Federal Minister of Labour and Productivity
- In office 10 February 2010 – 17 March 2010
- Preceded by: Adetokunbo Kayode
- Succeeded by: Chukwuemeka Ngozichineke Wogu

Personal details
- Born: 12 November 1954 (age 71) Jigawa State, Nigeria

= Ibrahim Kazaure =

Nigerian politician (born 1954)

Ibrahim Kazaure (born 12 November 1954) was a Nigerian senator in the Nigerian Third Republic and Nigerian Ambassador to the Kingdom of Saudi Arabia who was briefly Federal Minister of Labour and Productivity in 2010.

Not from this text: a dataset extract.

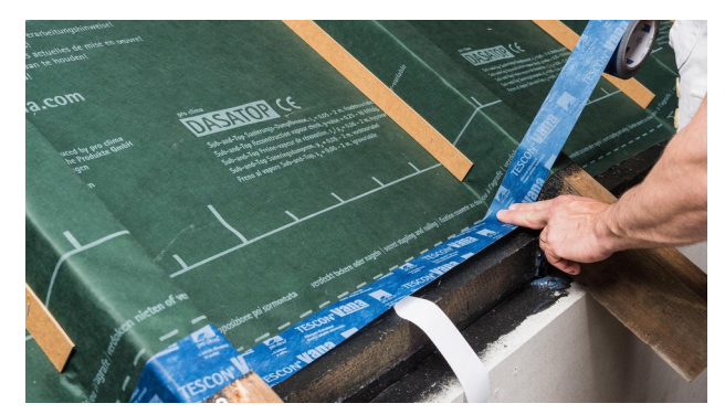
7. Stick the joint

After the sealant has fully dried, seal the refurbishment vapour check in an airtight manner using TESCON VANA, for example.

==Early life and education==
Kazaure was born in Jigawa State on 12 November 1954, and gained a national diploma in building and civil engineering.

==Political career==
He became the Commissioner for Education in Kano State in 1983. He was elected to the Senate in the Nigerian Third Republic, serving as the Majority Whip. He was the Nigerian Ambassador to Saudi Arabia between 2003 and 2007.

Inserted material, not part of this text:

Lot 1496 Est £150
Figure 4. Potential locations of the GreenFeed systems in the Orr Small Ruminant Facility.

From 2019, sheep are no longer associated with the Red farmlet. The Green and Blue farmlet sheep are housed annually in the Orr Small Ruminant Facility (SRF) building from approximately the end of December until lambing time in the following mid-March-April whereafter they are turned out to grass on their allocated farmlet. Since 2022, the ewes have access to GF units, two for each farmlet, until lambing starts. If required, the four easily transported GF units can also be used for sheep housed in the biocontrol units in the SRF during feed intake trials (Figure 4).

He was appointed the Minister of Special Duties by president Umaru Yar'Adua in December 2008. He was appointed Minister of Labour and Productivity on 10 February 2010, when acting president Goodluck Jonathan moved Adetokunbo Kayode to the Ministry of Justice. He left office on 17 March 2010 when acting president Goodluck Jonathan dissolved his cabinet.